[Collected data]

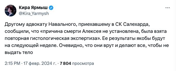 "Адвокат и мать Алексея приехали в салехардский морг. Он закрыт, несмотря на уверения колонии, будто он работает и тело Навального находится там. Адвокат позвонил по указанному на двери телефону. Ему сказали, что он уже седьмой, кто сегодня звонит. Тела Алексея у них в морге нет", - сообщила она.
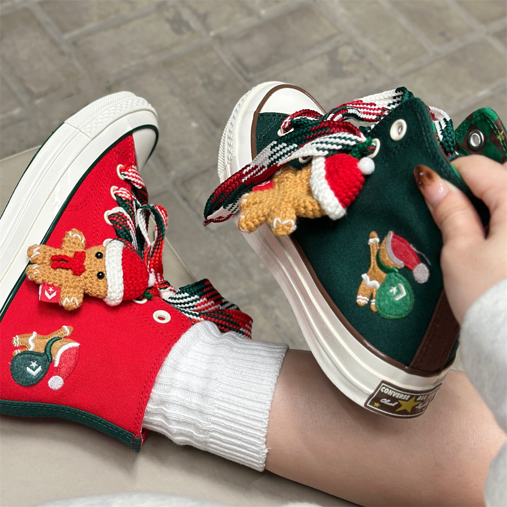 📚 匡威1970S圣诞节限定姜饼人玩偶高帮帆布A12455c绿色A12454c红色
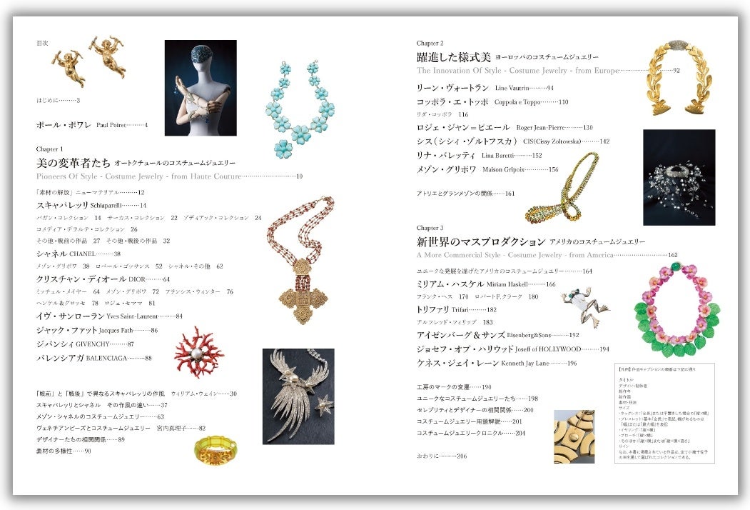 シャネル、スキャパレッリ、ディオールなど美の変革者たちが生み出したオートクチュールの精華をはじめ、メゾン・グリポワなど卓越した工房が手がけたヨーロッパのコスチュームジュエリー、ミリアム・ハスケルやトリファリほかアメリカの名品までをも収載したかつてない一冊です。
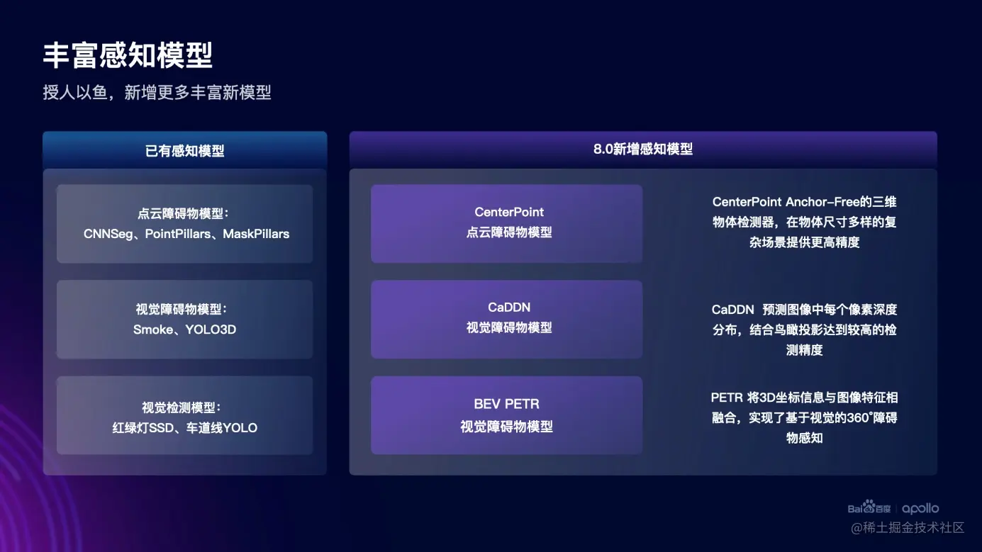 一方面,Apollo开放平台8.0在原有基础上引入了3个新的感知模型,下面的图片上可以很清楚地看到,分别是CenterPoint激光点云障碍物识别模型、CaDDN视觉障碍物识别模型和视觉BEV感知模型PETR。自动驾驶区别于传统的纯软件开发,需要通过硬件的感知能力识别障碍物,Apollo开放平台8.0不再需要认为的设定Anchor的尺寸,而是基于关键点检测的方式回归物体的尺寸、方向和速度,在物体尺寸多样的复杂场景提供更高精度。并且在速度和精度上取得了很好的平衡
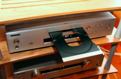 DIDRC回路を搭載したCDプレーヤー。メカには制振性に優れたアルミダイキャストトレイを採用し、これを真鍮製の脚で支持して振動を抑えている。
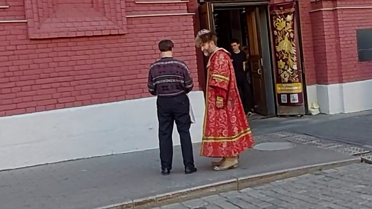 Прям вылитый царь Иоанн Васильевич IV беседует с прохожим на Красной площади в Москве. Посмотрите, просто удивительное сходство. #иоанн #царь #краснаяплощадь
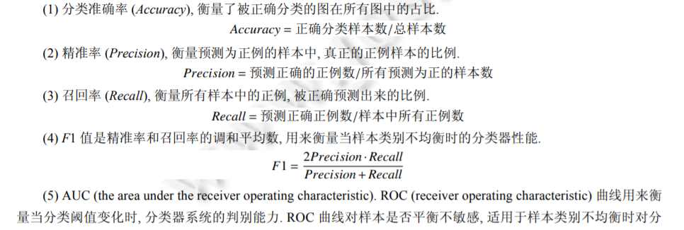 图分类方法的评价指标主要包括分类准确率, 精准率, 召回率, F1 值和 AUC, 下面分别介绍
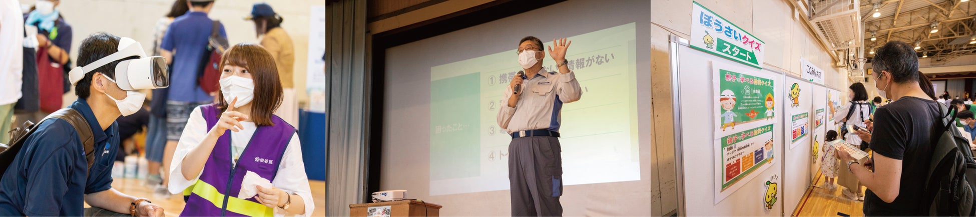 ARを使った避難訓練、災害時に役立つ防災グッズの展示など、多様な防災ブースが並びます。
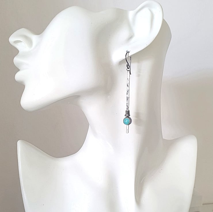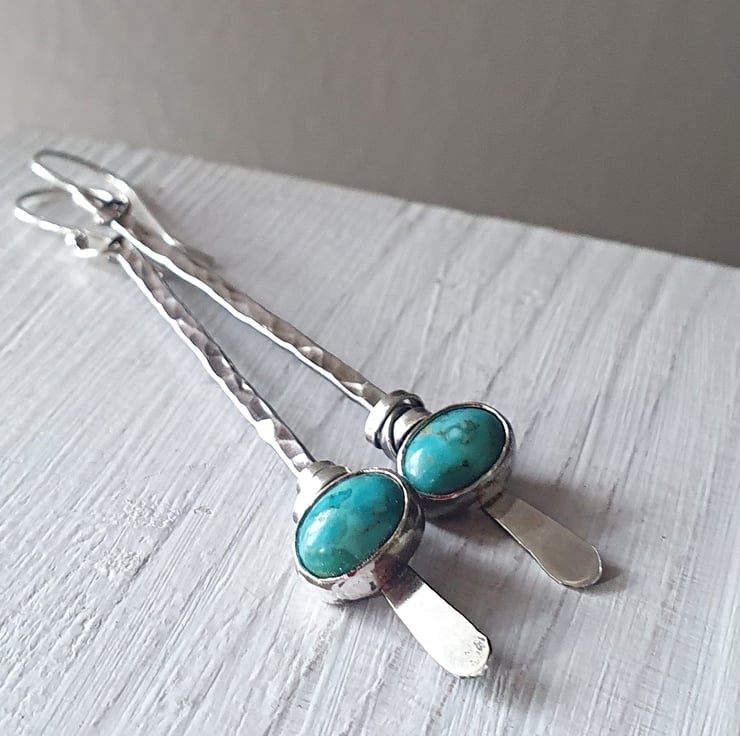 Turquoise earrings made from recycled sterling silver. I've added texture to the silver and treated it to add a dark patina and give an antique, rustic feel. They are slender and light to wear and the colour of the turquoise stands out beautifully.
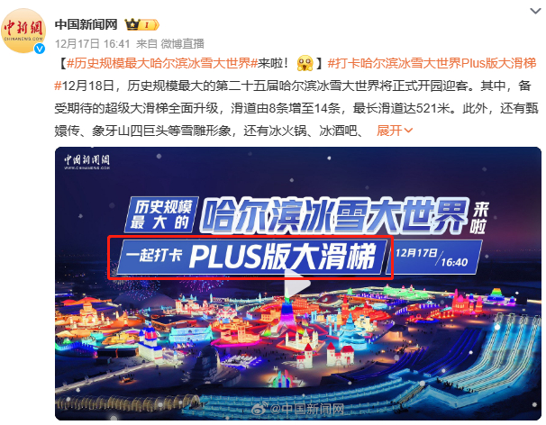 根据某旅游机构数据现实,在冰雪旅游线路中,哈尔滨冰雪大世界这个景点的上榜率很高,哈尔滨冰雪大世界热度环比上涨200%。12月14日,“冰雪大世界官宣开园日期”的词条就登顶热搜榜,曝光量高达1.7亿次。
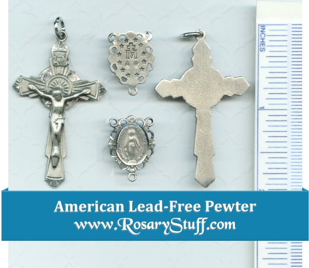 American made pewter featuring a delicate scalloped Miraculous centerpiece (a little over 5/8″ by a little over 1/2″ wide without rings) and an Ornate French crucifix (1 7/8″ x 1 by 1/2″ without ring).
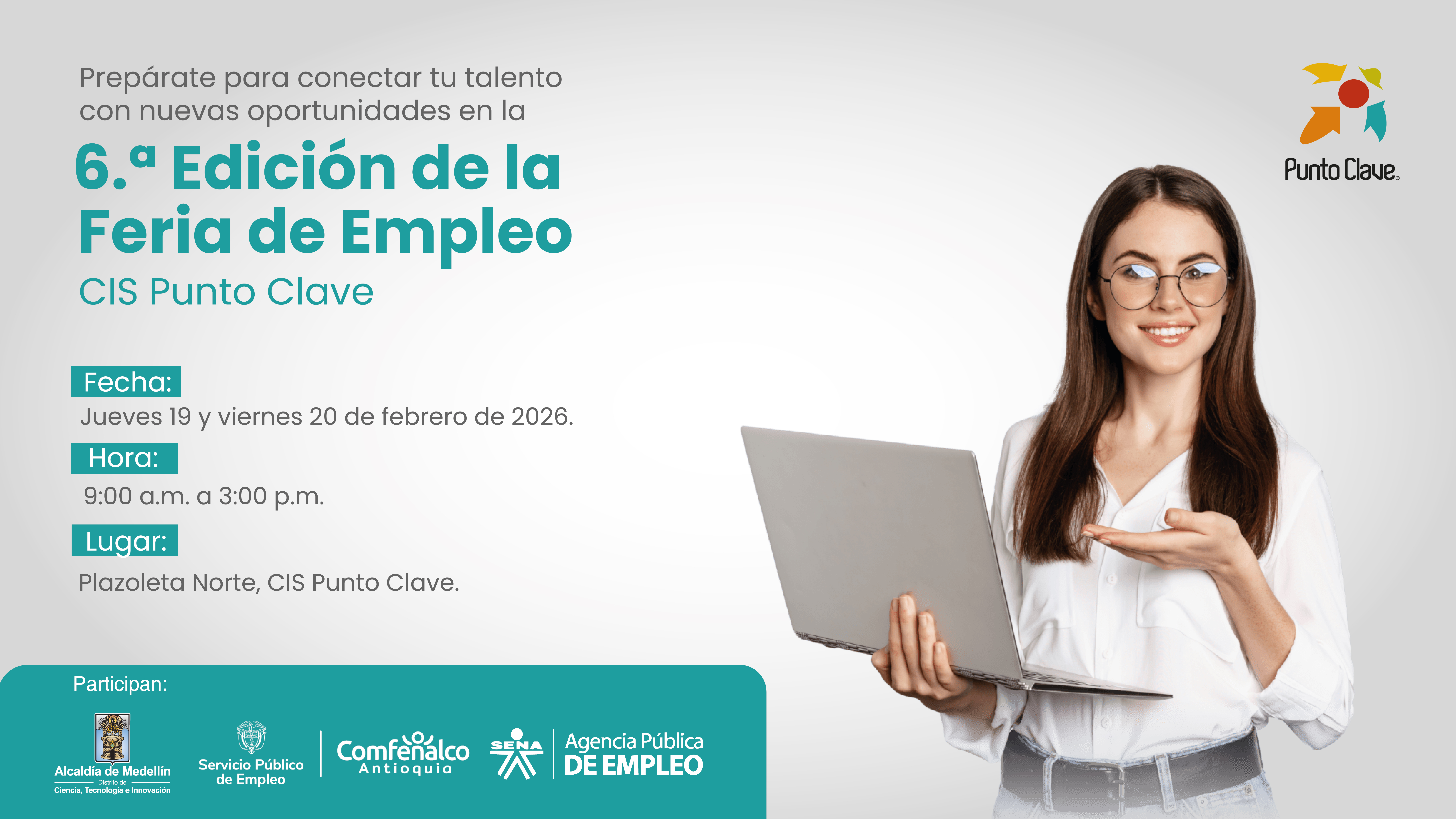 Prepárate para conectar tu talento con nuevas oportunidades en la 6° edición de la feria de empleo. Fecha: jueves 19 y viernes 20 de febrero de 2026 Hora: 9:00 a.m. - 3:00 p.m. Lugar: Plazoleta Norte, CIS Punto Clave
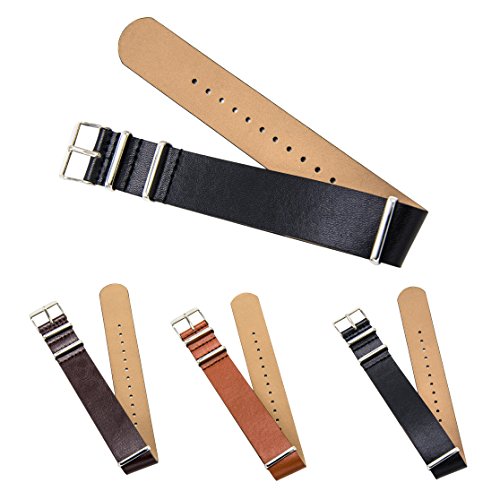 - UPGRADED PU LEATHER AND HARDWARE: Premium leather (waterproof, flexible, shiny), slim rectangular hardware (stainless steel) with polished, brushed, PVD, and gold finishes, stitched construction. Our CIVO NATO leather straps stand out from other regular watch straps on market due to higher quality leather material, hardware finish options, and stitched construction. Made of leather yet breathable, textured yet lightweight
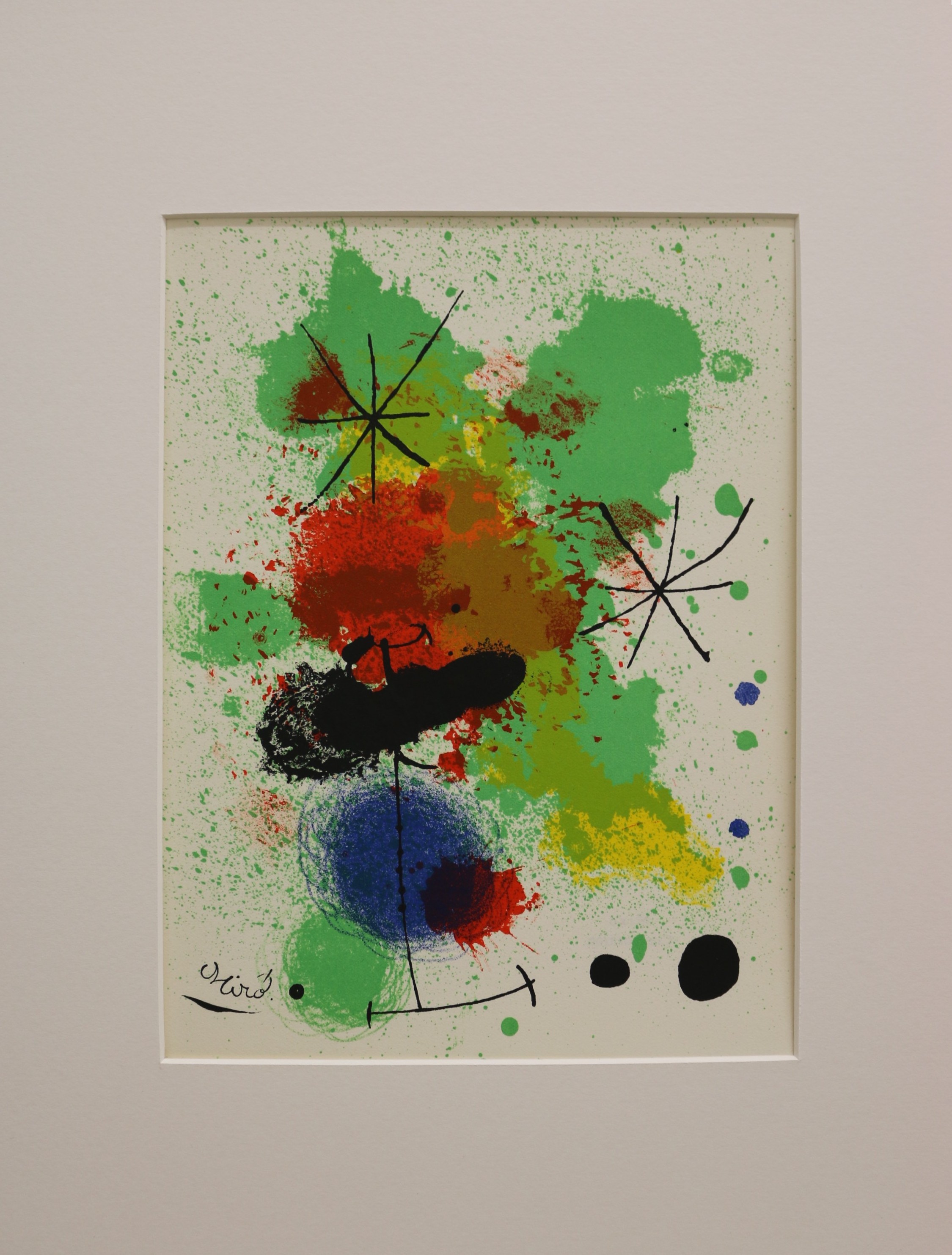 Miró: Composition: Joan Miró. Composition. Original Farblithografie von Joan Miró, gedruckt bei Mourlot in Paris, 1965 erschienen. Auflage für die Redfern Gallery in London mit 1150 Exemplaren. 1000 Stück auf Vélin d´Arches & 150 Stück auf Vélin d´Rives, vorbehalten für die Künstler, Freunde und Mitarbeiter. Passepartout: 40 x 30 cm. Blattformat: 25,5 x 19 cm. Prima erhalten.

WORK TASK: Your reply should be the lines of the records from the start through the line with "Prepárate para conectar", copied word for word, pictures omitted.

RESULT FOR THIS EXERCISE:
 "Адвокат и мать Алексея приехали в салехардский морг. Он закрыт, несмотря на уверения колонии, будто он работает и тело Навального находится там. Адвокат позвонил по указанному на двери телефону. Ему сказали, что он уже седьмой, кто сегодня звонит. Тела Алексея у них в морге нет", - сообщила она.
 📚 匡威1970S圣诞节限定姜饼人玩偶高帮帆布A12455c绿色A12454c红色
 シャネル、スキャパレッリ、ディオールなど美の変革者たちが生み出したオートクチュールの精華をはじめ、メゾン・グリポワなど卓越した工房が手がけたヨーロッパのコスチュームジュエリー、ミリアム・ハスケルやトリファリほかアメリカの名品までをも収載したかつてない一冊です。
 一方面,Apollo开放平台8.0在原有基础上引入了3个新的感知模型,下面的图片上可以很清楚地看到,分别是CenterPoint激光点云障碍物识别模型、CaDDN视觉障碍物识别模型和视觉BEV感知模型PETR。自动驾驶区别于传统的纯软件开发,需要通过硬件的感知能力识别障碍物,Apollo开放平台8.0不再需要认为的设定Anchor的尺寸,而是基于关键点检测的方式回归物体的尺寸、方向和速度,在物体尺寸多样的复杂场景提供更高精度。并且在速度和精度上取得了很好的平衡
 DIDRC回路を搭載したCDプレーヤー。メカには制振性に優れたアルミダイキャストトレイを採用し、これを真鍮製の脚で支持して振動を抑えている。
 Прям вылитый царь Иоанн Васильевич IV беседует с прохожим на Красной площади в Москве. Посмотрите, просто удивительное сходство. #иоанн #царь #краснаяплощадь
 图分类方法的评价指标主要包括分类准确率, 精准率, 召回率, F1 值和 AUC, 下面分别介绍
 ARを使った避難訓練、災害時に役立つ防災グッズの展示など、多様な防災ブースが並びます。
 Turquoise earrings made from recycled sterling silver. I've added texture to the silver and treated it to add a dark patina and give an antique, rustic feel. They are slender and light to wear and the colour of the turquoise stands out beautifully.
 根据某旅游机构数据现实,在冰雪旅游线路中,哈尔滨冰雪大世界这个景点的上榜率很高,哈尔滨冰雪大世界热度环比上涨200%。12月14日,“冰雪大世界官宣开园日期”的词条就登顶热搜榜,曝光量高达1.7亿次。
 American made pewter featuring a delicate scalloped Miraculous centerpiece (a little over 5/8″ by a little over 1/2″ wide without rings) and an Ornate French crucifix (1 7/8″ x 1 by 1/2″ without ring).
 Prepárate para conectar tu talento con nuevas oportunidades en la 6° edición de la feria de empleo. Fecha: jueves 19 y viernes 20 de febrero de 2026 Hora: 9:00 a.m. - 3:00 p.m. Lugar: Plazoleta Norte, CIS Punto Clave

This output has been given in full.